Seriously? : No, that's not what I expect. What I do expect is some semblance of loyalty and good will to the people that have protected him and helped his country for the last ten plus years. Not have him suddenly go full monte with the country he's been demonizing as the problem for that same amount of time.


----------



## FlyingDutchman (23 Oct 2011)

Who, in their right mind, would declare war on the US and hope to win?


----------



## Journeyman (23 Oct 2011)

I seriously see him in an impossible situation, and I believe it's only a matter of time before Afghanistan collapses into the trash heap of history.....regardless of our sacrifices and efforts, and whether or not he feigns loyalty or gratitude towards the west.


----------



## Swingline1984 (23 Oct 2011)

I only wonder which country he will choose as his safe haven once all western forces pull out.  I highly doubt it will be Pakistan.


----------



## The Bread Guy (23 Oct 2011)

Swingline1984 said:
			
		

> I only wonder which country he will choose as his safe haven once all western forces pull out.


You have to be alive to seek a safe haven first, something I don't think is guaranteed when NATO closes the door behind them as they leave.


----------



## GAP (23 Oct 2011)

Hmmm...time to install a new "leader"......when's the next election? 

Granted he's talking to his constituency,but.... he's actually walking the fence......


----------



## vonGarvin (23 Oct 2011)

Show him and his ilk the awesome power of the West:










I'm sick of that place.  Karzai has the most powerful country on the planet as a backer, and he spits in their face?  Sure, he has a couple of moslem nations next to him, but here's a news flash: those two nations are already messing in his Cornflakes.


----------



## Edward Campbell (23 Oct 2011)

Journeyman said:
			
		

> I seriously see him in an impossible situation, and I believe it's only a matter of time before Afghanistan collapses into the trash heap of history.....regardless of our sacrifices and efforts, and whether or not he feigns loyalty or gratitude towards the west.




I second this. What Karzai is doing, while, arguably, a slap in the face, is about all that we should expect.

Look at the "neighbourhood." His putative allies in ISAF are already pulling out; look at Iraq - do you really expect a long term American commitment? Will India help? China? Iran?





Afghanistan & the _neighbourhood_


----------



## buck13 (23 Oct 2011)

I don't think anyone is expecting him to shower praise and love on the US but to talk about such a ridiculous scenario (war between Pakistan and the States) and then to say he would side with Pakistan is unnecessary and can do nothing but irritate NATO and in particular America.
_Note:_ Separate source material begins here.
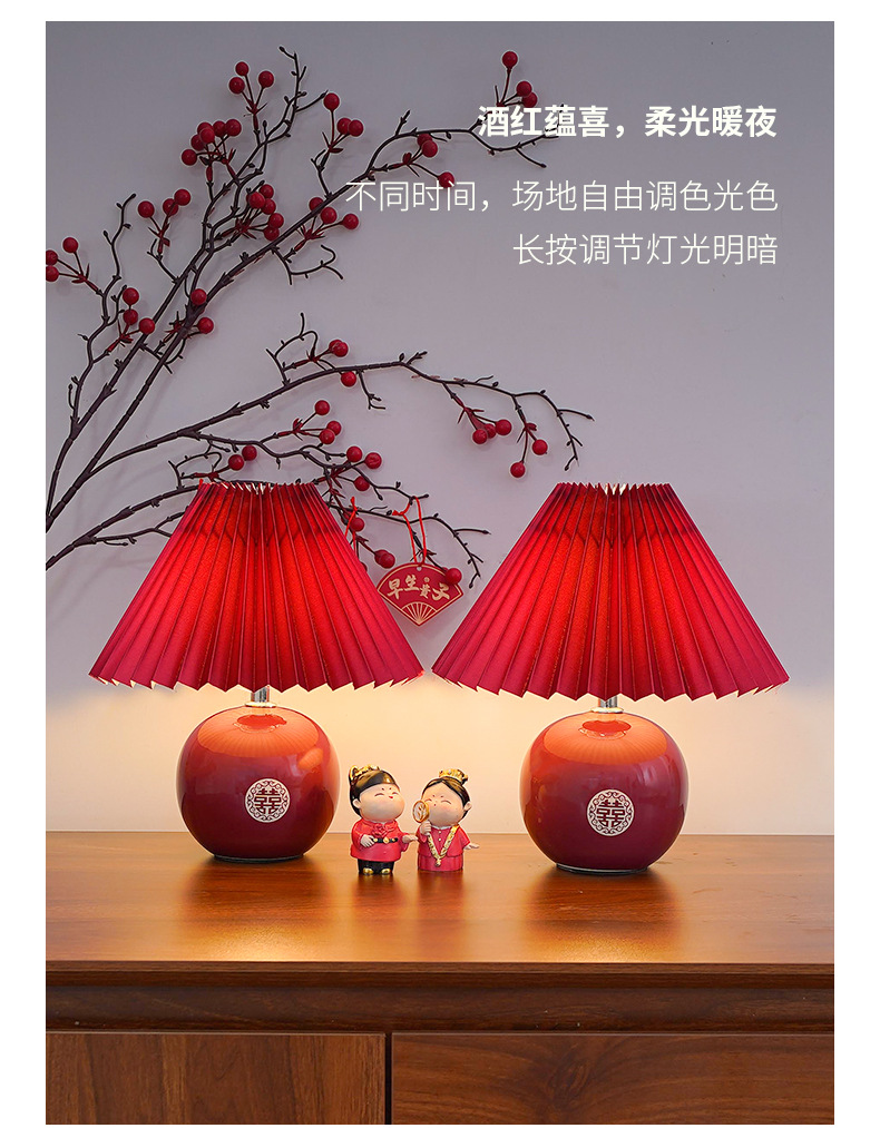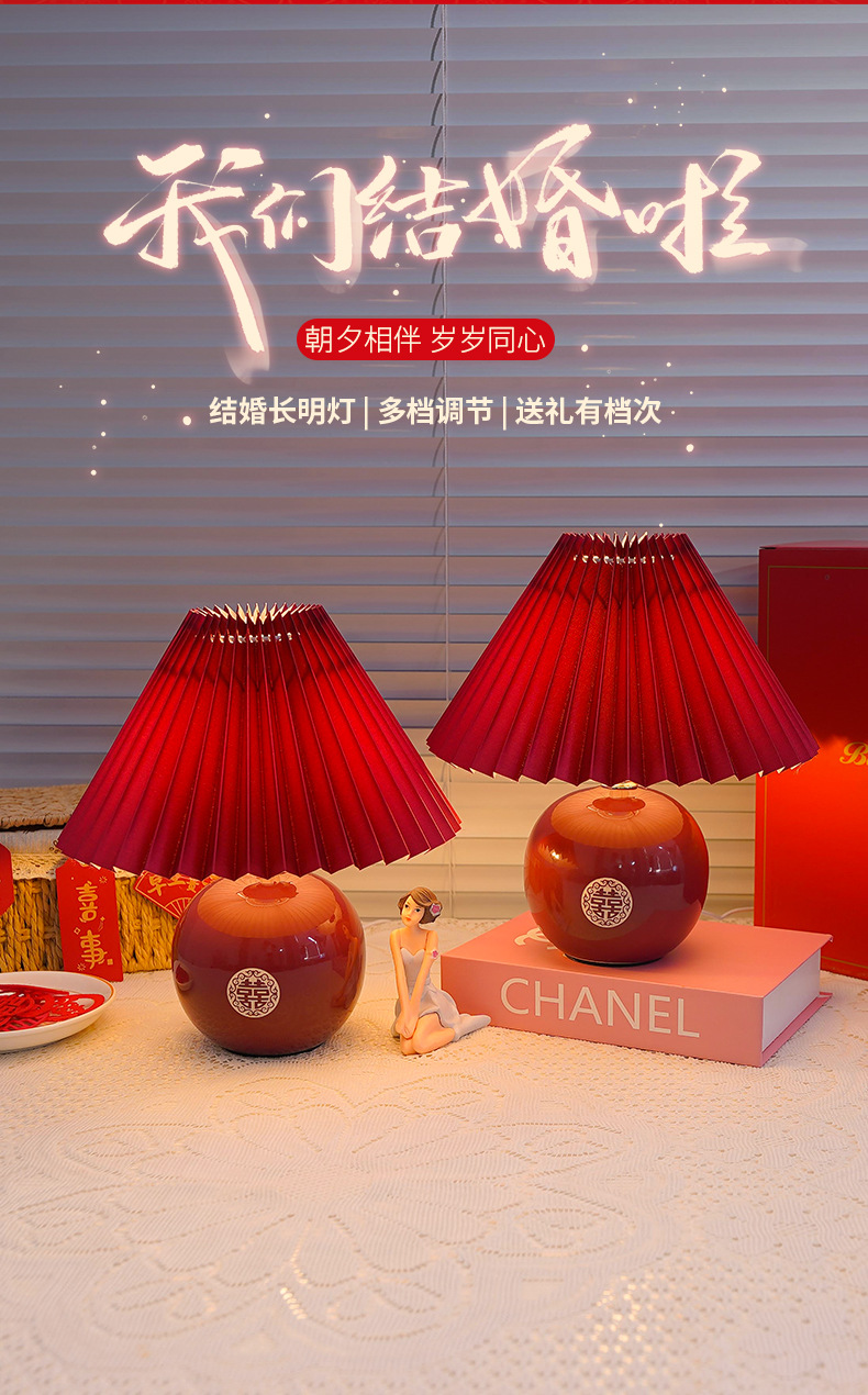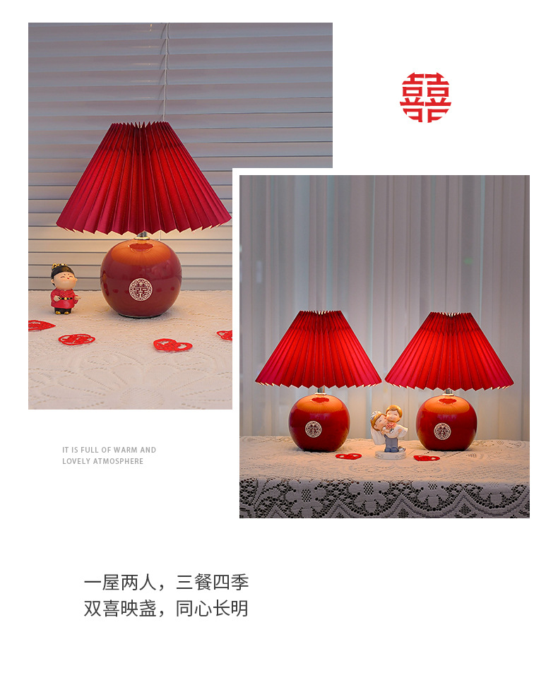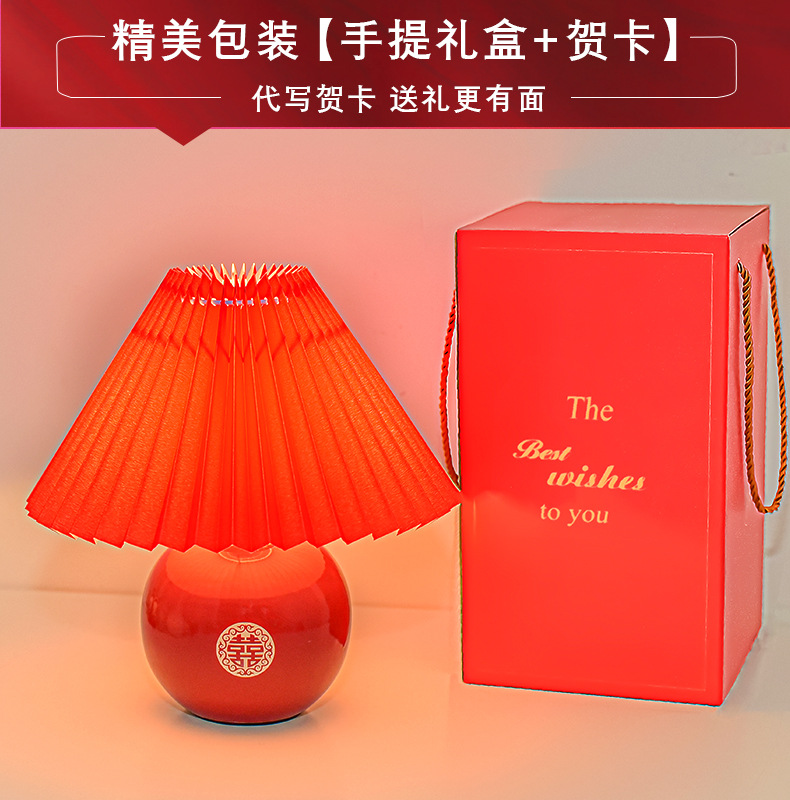 결혼식 테이블 램프 장식 결혼식 방 침실 침대 옆 램프 세라믹 행복 문자 붉은 상풍 램프 동반 결혼식 밤 빛 선물

Seems like a really unnecessary comment that did nothing to help his situation. He could have been critical without going that far.


----------



## jollyjacktar (23 Oct 2011)

milnews.ca said:
			
		

> You have to be alive to seek a safe haven first, something I don't think is guaranteed when NATO closes the door behind them as they leave.



Karzi is a douche, he'll flee the coop long before we depart I'll wager.  Especially seeing as what happened to his brother earlier this year.  He's salted enough aid money etc away for a rainy day somewhere more pleasant and safer.  I'll also wager the average Afghan can't wait to see the door hit his *** on the way out either.  When I was there in 09 all of my Afghan workers wanted the chap who was running against Karzi to win the election.  They, to a man saw Karzi for what he is, a corrupt weasel and a douche.  (in hind sight my calling him a douche was unfair.  Even that humble sanitary device is useful and worthwhile.)


----------